One thing with AC motors that is difficult to do with DC is reversing. An AC motor is simple to reverse, and so is easier to do direct-drive with AC motors. This saves you weight and reduces the number of complex mechanical parts you have to maintain. They also lack brushes, so you don't have to replace them or get the commutator re-milled as the motor ages, either.


Also: Unless I'm mistaken, an AC induction motor (squirrel cage) is asynchronous and therefore by definition does not need to track the position of the rotor. The rotation speed, perhaps, but it's position would be irrelevant since the rotor is, electrically, one piece of metal with no polarity - all shorted together. 

The rpm of the rotor would be close to that of the stator field, though never exactly the same as it needs _some_ difference to induce the rotor field. This would also vary according to the mechanical load. A higher load would bog the rotor down, which would induce a stronger rotor field which would try to accelerate the rotor until a new balance was reached. 


Anyway I personally lean more towards AC motors. I'm planning to build my EV using at least one (possibly two) AC Induction motors, driving a diff to a pair of wheels each. (ie: one motor at the front, one at the back)

I think if I can get two smaller motors I can use standard size diffs, rather than having to buy chunky stronger ones, but that is assuming I can get that type of motor in a smaller size. Then fill the former engine bay up with LiFeP04 batteries! (assuming I can afford them!)


----------



## mattW (Sep 14, 2007)

Does someone wanna summarize this and chuck it in the wiki? Just make a new topic called AC vs DC.... that would be great.


----------



## little ghost (Feb 17, 2008)

Thanks for the replies chaps. Looks as though i'll be going with an AC kit with regen. $12,000 US, but with the pound so strong against the dollar right now i'm looking at £6,000 GBP. Car i imagine will cost £500-1000. Can't wait to start!

Cheers,
Alex


----------



## celsomenaia (Jul 26, 2007)

hello

May I ask you what was you choise ? (Band, model)

Best regards


----------



## Bugzuki (Jan 15, 2008)

Yea, you gotta tell us what you decided to get. And where you are getting it from.


----------



## little ghost (Feb 17, 2008)

I haven't made a one hundred percent choice yet, but the favourite choice so far is probably the AC Light Vehicle Direct Drive Kit from Electro Automotive: ($11,090.00 plus shipping) I need to find out if this kit provides regen braking first though as i'm not sure if it does. Although i know the VoltsPorsche one does.
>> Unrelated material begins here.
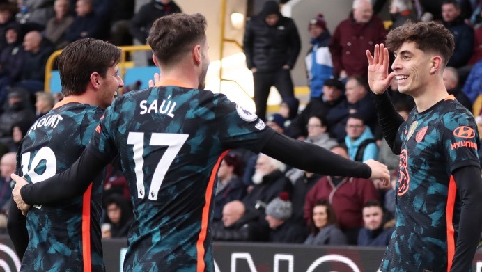 وسجل رباعية “البلوز” كل من ريس جيمس (د 47) ، وكاي هافيرتز (د 52 و55)، وكريستيان بوليسيتش (د 69).
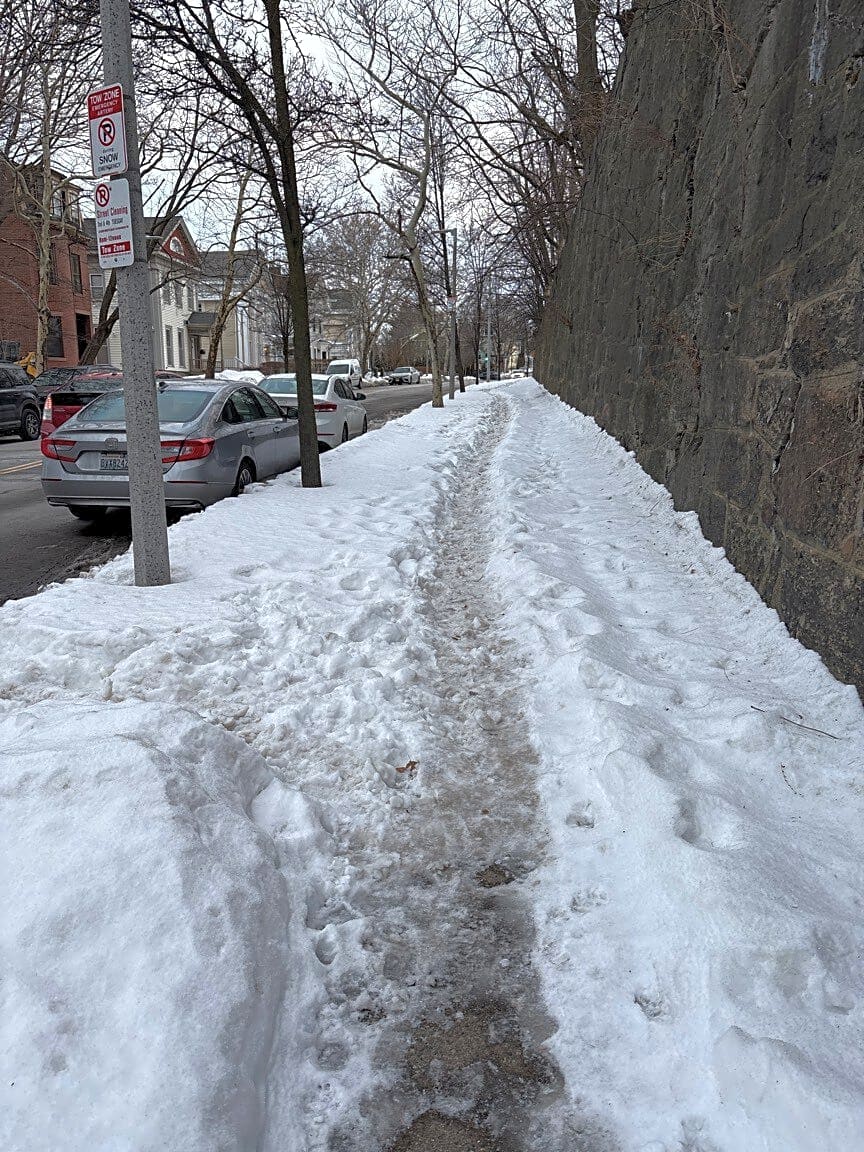 Intersection Of Merton Pl And Centre St, Roxbury, MaCity sidewalk still not shoveled

http://www.electroauto.com/catalog/ackits.shtml#ldirect


----------



## John (Sep 11, 2007)

If you look at the list of features for the controller right at the top of the list is regenerative braking.


----------



## celsomenaia (Jul 26, 2007)

Hello

Do you know this site ? 
http://www.solarvan.co.uk/index.htm

It´s a AC system

Best regards


----------



## little ghost (Feb 17, 2008)

cheers John, obviously being blind with the old regen there. Thanks for the link cels, it looks like a great site, but I can't view it at the mo as my Internet is down (writing this on iPhone!) anyhoo, think I'm better of with a light or medium car system? Donor is probably going to be civic or mazda 323. Cheers


----------